The functional redundancy of potential activated enhancers near Tbx4 in HKM at E11.5 rescues its expression
Epigenetic analysis revealed that at E11.5, the number of non-coding elements (including HLEA and potential enhancers) co-marked by H3K27ac and H3K4me1 near Tbx4 was higher in HKM than in WT (Fig. 4A, and Table S16). Further analysis of the read counts in the same histone-marked regions in WT and HKM showed that, compared to WT, H3K27ac levels were significantly increased in HKM, whereas no significant difference was observed in H3K4me1 levels (Fig. 4B). The result suggested that the potential enhancers near Tbx4 in HKM may be in a more active state, thereby enhancing the regulatory potential for target genes. To further validate this phenomenon, Hoxd13, Msx2, and Twist1 were selected for an analysis of histone-marked non-coding elements. The results showed that at E11.5, compared to WT, the number of histone-marked non-coding elements near these genes remained largely unchanged in HKM (Fig. S4), which is sharply in contrast with the changes observed near Tbx4. This finding indirectly supported that the activation and increased activity of non-coding elements near Tbx4 may have been induced by the cetacean HLEA knock-in. Both RNA-seq analysis and RT-PCR showed that the expression of Tbx4 was up-regulated at E11.5 compared to E10.5 in the knock-in mouse model, which might be related to the increased number of activated non-coding elements and the enhanced activity of potential enhancers near Tbx4. Gene scanning within 200 kb upstream and downstream of the Tbx4 transcription start site (TSS) identified a total of 7 genes, e.g., Bcas3, Tbx2, Gm11444, Tbx4, Brip1, Ints2, and Med13. These genes and activated non-coding elements were mapped, revealing that the majority of activated non-coding elements in the knock-in mice at E11.5 were located near Tbx4, potentially strengthening the regulation of Tbx4 expression compared to WT (Fig. 4C). In the RNA-seq data from E10.5 and E11.5, we found that among the seven genes mentioned above, only Gm11444 was not detected in the hindlimb bud, while only Tbx4 expression exhibited a downward trend compared to WT at E10.5. In contrast, the difference in expression level of Tbx4 between HKM and WT disappeared at E11.5. Similarly, the expression levels of Bcas3, Tbx2, Brip1, Ints2 and Med13 were neither up-regulated nor down-regulated at E11.5 (Fig. 4D). These results suggest that the activated non-coding elements and the enhanced activity of potential enhancers in knock-in mice at E11.5 only enhanced Tbx4 expression.

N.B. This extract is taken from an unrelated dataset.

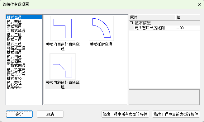 目录 搜索 展开 首页乘车路线版权与商标说明免责声明通用功能链接软件答疑与交流更新说明20262026 R1.22026 R1.12026 R1.020252025 R2.12025 R2.02025 R1.22025 R1.120242024 R2.22024 R2.12024 R2.02024 R1.42024 R1.32024 R1.22024 R1.12024 R1.020232023 R2.42023 R2.32023 R2.22023 R2.02023 R1.12023 R1.52023 R1.42023 R1.32023 R1.22023 R1.020222022 R3.12022 R3.02022 R2.32022 R2.22022 R2.12022 R2.02022 R1.42022 R1.32022 R1.22022 R1.0应用环境运行环境启动界面操作界面快速访问工具栏视图盒子模型操作视图区命令提示行项目浏览器属性面板多窗口显示设置视图工具条光照亮度三维坐标捕捉设置暖通专业设计暖通专业工程设置风系统设置水系统设置风管默认连接设置风管建模设置水管建模设置水管件默认设置风管材料设置水管材料设置地暖盘管材料设置二维设置空调风系统风管绘制风管编辑风立管风管连接件风管对齐风口布置风口连接静压箱换气扇、风机挡烟垂壁空调水系统水管绘制布空调立管多管绘制水管连接水管编辑风盘连水多联机系统室内机室外机多联机连管多联机分歧管采暖系统布散热器立干连接散立连接散干连接散散连接自动盘管手绘盘管盘管打断盘管合并布分集水器连分集水器设备及附件布置风盘水泵常用基础通用组合空调风阀消声器风管软连接水阀仪表角阀三通阀水管软接头组合阀暖通识图建模DWG编辑风管识图翻模水管识图建模风口识图翻模识别水阀仪表暖通标注风管标注风口标注管线文字水管标注立管标注出入户管标注管道坡度标注引出标注给排水专业设计给排水专业工程设置给排水系统设置管件默认设置给排水建模设置水管材料设置二维设置管道建模水管绘制多管绘制布水立管水管连接水管编辑水管连接件管道附件布置自动连接标准连接设备布置与连接卫浴布置卫浴连接水箱水泵基础集水坑排水沟室外设备通用消防系统建模消火栓系统布置与连接自动喷淋系统布置与连接气体灭火建模计算灭火器建模给排水识图建模消火栓识图建模消防喷淋系统水管识图建模水阀识图建模给排水标注管线文字水管标注立管标注出入户管标注喷头定位标注管道坡度标注引出标注电气专业设计电气专业工程设置线管系统设置桥架系统设置桥架默认连接件设置线管建模设置线管材料设置二维设置线管/桥架绘制桥架/线槽桥架布置桥架分支选择竖直桥架布置多层桥架桥架连接线管/导线线管布置竖直线管线管连接线管空间连接导线布置线管对齐强电系统设备灯具开关插座接线盒通用设备布置楼梯间布置防雷接地导体布置防雷布置接地布置弱电系统设备温烟感布置消防报警弱电通用综合布线变配电设备配电箱布置引出线管引出桥架配电箱系统检索变压器配电柜设备基础母线槽布置母线槽连接电缆沟设备连接设备连接连配电箱接口连接连接桥架电气专业计算区域照度计算防雷计算房间照度计算电气负荷计算电流计算负荷计算查看报告书电气专业标注引线布置灯具标注桥架标注导线标注标配电箱标水暖设备标导线数&根数修改设备标注回路标注&回路识别电气识图建模DWG处理工具电气设备点位桥架翻模设备库编辑设备库管理新建设备专业信息添加拆开设备整体缩放导入revit族组合设备库导入模型编辑过滤选择增强过滤器检查分支编辑水平设备标高分支标高分支选择坡度调整设备替换设备编号楼层归属删除重复拾取/刷新属性测量长度面积标高坐标支吊架布置支吊架布置支吊架延管拷贝支吊架沿线拷贝支吊架编号管线综合碰撞检查碰撞检查碰撞结果碰撞报告书管道编辑水暖空间搭接水暖局部调整线管局部调整桥架升降调整间距调整水管标准连接管道合并/打断水管对齐通用对齐管综平面图三维标注局部剖切专业协同合并工程净高分析净高设置净高平面净高检查水暖提资开洞提资任意布洞自动开洞开洞设置取消洞口开洞列表布置套管云协同材料统计材料统计统计结果清单生成清单样式清单结果支吊架统计模型审查审查流程全局属性智能审查通用工具设可见性查找构件选择过滤增强过滤测量工具基本建模模板标高机制机电专业标高机制构件复制 暂无相关搜索结果! 桥架默认连接件设置 点击【设置】-【建模设置】-【桥架默认连接件】,如图所示,在桥架默认连接件设置界面中完成在桥架绘制及桥架连接中默认连接件的设置,通过右侧的属性栏可以修改连接件的参数。 功能说明 【修改工程中当前类型连接件】选项用于修改工程中存在的当前选中连接件的属性值。 【修改工程中所有类型连接件】选项用于修改工程中存在的所有修改的连接件属性值。

Epigenetic analysis of hindlimb buds at E11.5 in HKM and WT: CUT&Tag. A Normalized H3K27ac (red), and H3K4me1 (blue) epigenetic signals in the region spanning 100 kb upstream and downstream of the Tbx4 TSS locus for pooled samples per group at E11.5 in the hindlimb bud of HKM and WT. The inverted triangles indicate overlapping peaks of H3K27ac and H3K4me1, with blue inverted triangles marking HKM-specific overlapping peaks that are absent in WT. Furthermore, these HKM-specific peaks do not overlap with the coordinates in the ENCODE public dataset. Top: WT, bottom: HKM. B Comparative analysis of normalized read counts for the same potential enhancers co-marked by H3K27ac and H3K4me1 in WT and HKM. Data are mean ± standard, p-value was calculated using Student’s t-test (*, p < 0.05; **, p < 0.01). Detailed analysis is available in the Materials and Methods and Table S16. C Potential activated elements and genes within 200 kb upstream and downstream of the Tbx4 TSS were mapped to the genome. Top: WT E11.5, bottom: HKM E11.5. D Differential expression analysis of Bcas3, Tbx2, Tbx4, Brip1, Ints2, and Med13 between WT and HKM from E10.5 (left) to E11.5 (right)
Discussion
Understanding the molecular mechanisms of limb development in cetaceans has attracted much attention from evolutionary biologists. Previous studies have demonstrated that cetaceans initiated hindlimb bud development at an early embryonic stage, but this process was disrupted due to the interruption of Fgf8 expression and the absence of Hand2 [23]. However, the reason for the interruption of Fgf8 expression and the absence of Hand2 expression have not been addressed so far. With bioinformatics and comparative genomics, some genes regulating limb development, such as Hoxd11 and Hoxd13 [24, 25], were found to undergo accelerated evolution and showed specific amino acid substitution in cetaceans. Since gene functions are usually pleiotropic, for example, Hoxd13 not only controls the number of fingers but also plays an important role in suppressing prostate cancer metastasis [26, 27], it remains unclear whether genes with accelerated evolution do contribute to the evolutionary development of limb morphology. In addition, rapid evolution of conserved non-coding regions in genome have provided new insights into limb development in non-model animals [28,29,30]. Such a classic paradigm came from a study in snakes, which revealed that a 17bp deletion in the ZRS enhancer of Shh gene disrupted Shh protein expression and limb development [31, 32]. Most of the conserved non-coding elements closely related to genes regulating limb development in limb-free lizards had sequence variation [33, 34]. Although the conserved non-coding elements with sequence variation for the key genes of limb development in cetaceans were identified and their biological functions were verified using dual-luciferase reporter assay in the previous study [20, 35], it was still unclear whether they regulated the evolution and development of cetaceans limbs. The reasons were as follows: (a) Pleiotropic functions of conserved non-coding elements, for example, there were shared conserved non-coding elements in limb and penis development [16]. (b) Lack of in vivo experiments to provide clear phenotypic characteristics.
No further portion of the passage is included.